I would not mind seeing Fabienne's ghost.
All ghosts claim their phantom skills: to shape-shift, to haunt, to see things we don't see, to determine how the lives of the living people turn out. If dead people had no choice but to become ghosts, Fabienne's ghost would only scoff at the usual tricks that other ghosts take pride in. Her ghost would do something entirely different.
(Like what, Agnès?
Like making me write again.)
No, it is not Fabienne's ghost that has licked the nib of my pen clean, or opened the notebook to this fresh page, but sometimes one person's death is another person's parole paper. I may not have gained full freedom, but I am free enough.
"HOW DO YOU GROW HAPPINESS?" Fabienne asked. We were thirteen then, but we felt older. Our bodies, I now know, were underdeveloped, the way children born in wartime and growing up in poverty are, with more years crammed into their brains. Well-proportioned we were not. Well-proportioned children are a rare happenstance. War guarantees disproportion, but during peacetime other things go wrong. I have not met a child who is not lopsided in some way. And when children grow up, they become lopsided adults.

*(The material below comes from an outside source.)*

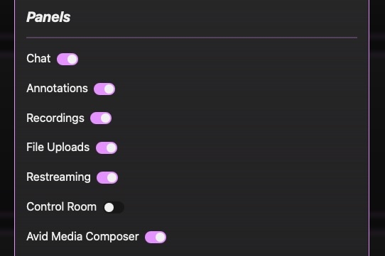 The Panels section lets you choose which collaborative features you want to use in Streamwell. Certain features like Avid Media Composer are only available with an appropriate license.

"Can you grow happiness?" I asked.
"You can grow anything. Just like potatoes," Fabienne said.
I thought she would have given a better answer. Growing happiness on the top of a maypole, or in a wren's nest, or between two rocks in a creek. Happiness should not be dirt-colored and hidden underground. Even apples on a branch would be better suited to be called happiness than apples in the earth. Though if happiness were like apples, I thought, it would be quite ordinary and uninteresting.

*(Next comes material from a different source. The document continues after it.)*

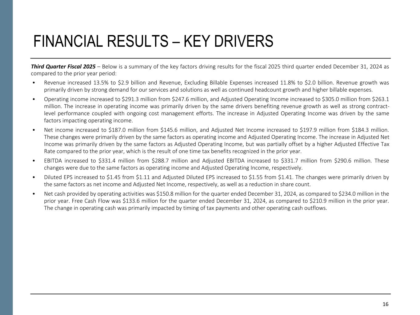 16 FINANCIAL RESULTS – KEY DRIVERS Third Quarter Fiscal 2025 – Below is a summary of the key factors driving results for the fiscal 2025 third quarter ended December 31, 2024 as compared to the prior year period: • Revenue increased 13.5% to $2.9 billion and Revenue, Excluding Billable Expenses increased 11.8% to $2.0 billion. Revenue growth was primarily driven by strong demand for our services and solutions as well as continued headcount growth and higher billable expenses. • Operating income increased to $291.3 million from $247.6 million, and Adjusted Operating Income increased to $305.0 million from $263.1 million. The increase in operating income was primarily driven by the same drivers benefiting revenue growth as well as strong contract- level performance coupled with ongoing cost management efforts. The increase in Adjusted Operating Income was driven by the same factors impacting operating income. • Net income increased to $187.0 million from $145.6 million, and Adjusted Net Income increased to $197.9 million from $184.3 million. These changes were primarily driven by the same factors as operating income and Adjusted Operating Income. The increase in Adjusted Net Income was primarily driven by the same factors as Adjusted Operating Income, but was partially offset by a higher Adjusted Effective Tax Rate compared to the prior year, which is the result of one time tax benefits recognized in the prior year. • EBITDA increased to $331.4 million from $288.7 million and Adjusted EBITDA increased to $331.7 million from $290.6 million. These changes were due to the same factors as operating income and Adjusted Operating Income, respectively. • Diluted EPS increased to $1.45 from $1.11 and Adjusted Diluted EPS increased to $1.55 from $1.41. The changes were primarily driven by the same factors as net income and Adjusted Net Income, respectively, as well as a reduction in share count. • Net cash provided by operating activities was $150.8 million for the quarter ended December 31, 2024, as compared to $234.0 million in the prior year. Free Cash Flow was $133.6 million for the quarter ended December 31, 2024, as compared to $210.9 million in the prior year. The change in operating cash was primarily impacted by timing of tax payments and other operating cash outflows.

"You don't believe me?" Fabienne said. "I have an idea. We grow your happiness as beet and mine as potato. If one crop fails, we still have the other. We won't be starved."
"What if both fail?" I asked.
"We'll become butchers."
Such were the conversations we often had then, nonsense to the world, but the world, we already knew, was full of nonsense. We might as well amuse ourselves with our own nonsense. If the thumb on the left hand got crushed under a hammer, would the thumb on the right feel anything? Why did god never think of giving people ear-lids, so we could close our ears as we shut our eyes at bedtime, or anytime when we were not in the mood for the chattering of the world? If the two of us prayed with equal seriousness but with the opposite requests—dear god, please let tomorrow be a sunny day; dear god, please let tomorrow be an overcast day—how did he decide which prayer he should honor?
Fabienne loved making nonsense about god. She claimed she believed in god, though what she meant, I thought, was that she believed in a god that was always available for her to mock. I did not know if I believed in god—my father was an atheist and my mother was the opposite of an atheist. If I had been closer to one or the other, it would be easier for me to choose. But I was close only to Fabienne. Perturbatrice of god, she called herself, and said I was one, too, because I was always on her side. In that sense we were not atheists. You had to believe that god existed so you could make mischief and upend his plans.
"If we can grow happiness, can we also grow misery?" I asked her.
"Do you grow thistles or ragworts?" Fabienne said.
"Do you mean misery grows by itself, like thistles and ragworts?"
"Or by God," Fabienne said. "Who knows?"
"But happiness, can it grow by itself?"
"What do you think?"
"I think happiness should be like thistles and ragworts. Misery should be like exotic orchids."
"Only an idiot would believe that, Agnès," Fabienne said. "But we already know you're an idiot."